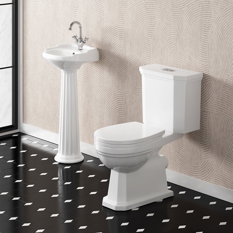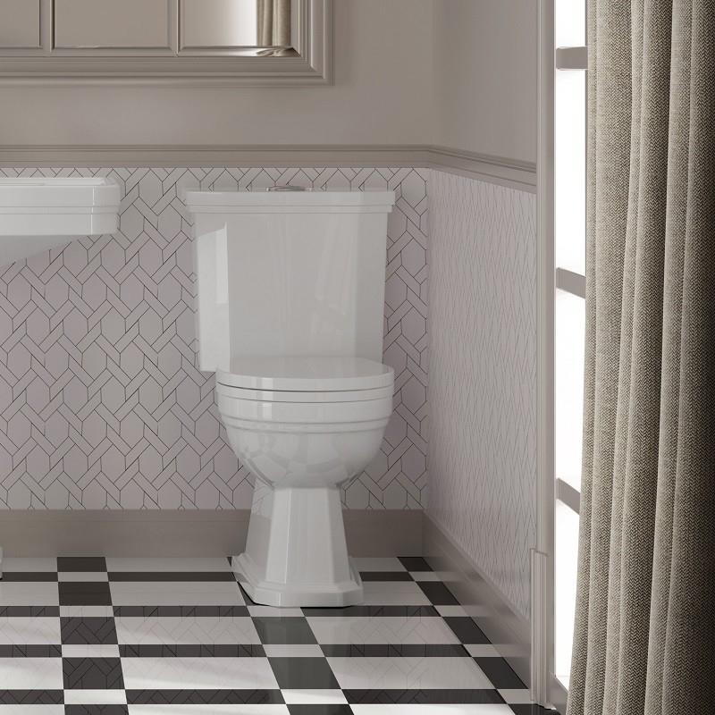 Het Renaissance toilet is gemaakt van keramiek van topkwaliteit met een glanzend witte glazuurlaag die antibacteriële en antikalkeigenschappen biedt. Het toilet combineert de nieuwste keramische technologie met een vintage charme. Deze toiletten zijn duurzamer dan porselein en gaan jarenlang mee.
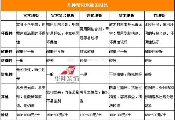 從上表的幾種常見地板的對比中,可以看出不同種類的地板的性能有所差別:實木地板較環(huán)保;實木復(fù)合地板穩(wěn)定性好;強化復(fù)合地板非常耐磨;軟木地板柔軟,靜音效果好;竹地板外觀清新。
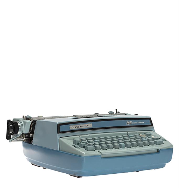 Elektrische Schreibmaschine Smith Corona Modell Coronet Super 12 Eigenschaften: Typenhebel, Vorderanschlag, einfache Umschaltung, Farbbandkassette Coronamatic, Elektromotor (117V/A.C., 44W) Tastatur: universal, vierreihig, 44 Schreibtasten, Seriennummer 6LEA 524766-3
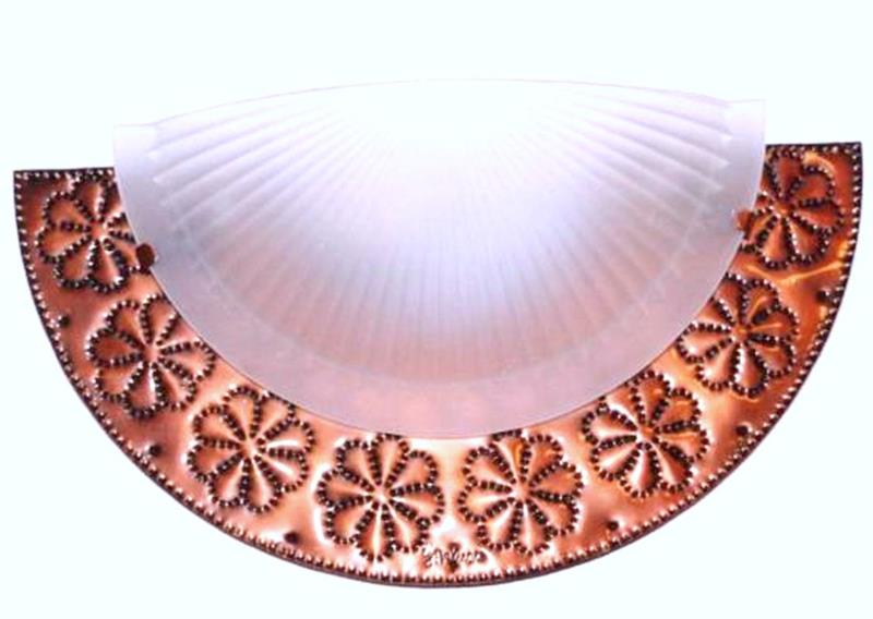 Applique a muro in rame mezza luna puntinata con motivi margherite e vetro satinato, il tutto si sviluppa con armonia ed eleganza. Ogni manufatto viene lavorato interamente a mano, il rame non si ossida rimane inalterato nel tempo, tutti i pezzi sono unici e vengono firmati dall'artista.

### Task goal
Nothing but the listing, copied exactly and stripped of its images, should appear in the response.

### Exercise output
 Het Renaissance toilet is gemaakt van keramiek van topkwaliteit met een glanzend witte glazuurlaag die antibacteriële en antikalkeigenschappen biedt. Het toilet combineert de nieuwste keramische technologie met een vintage charme. Deze toiletten zijn duurzamer dan porselein en gaan jarenlang mee.
 從上表的幾種常見地板的對比中,可以看出不同種類的地板的性能有所差別:實木地板較環(huán)保;實木復(fù)合地板穩(wěn)定性好;強化復(fù)合地板非常耐磨;軟木地板柔軟,靜音效果好;竹地板外觀清新。
 Elektrische Schreibmaschine Smith Corona Modell Coronet Super 12 Eigenschaften: Typenhebel, Vorderanschlag, einfache Umschaltung, Farbbandkassette Coronamatic, Elektromotor (117V/A.C., 44W) Tastatur: universal, vierreihig, 44 Schreibtasten, Seriennummer 6LEA 524766-3
 Applique a muro in rame mezza luna puntinata con motivi margherite e vetro satinato, il tutto si sviluppa con armonia ed eleganza. Ogni manufatto viene lavorato interamente a mano, il rame non si ossida rimane inalterato nel tempo, tutti i pezzi sono unici e vengono firmati dall'artista.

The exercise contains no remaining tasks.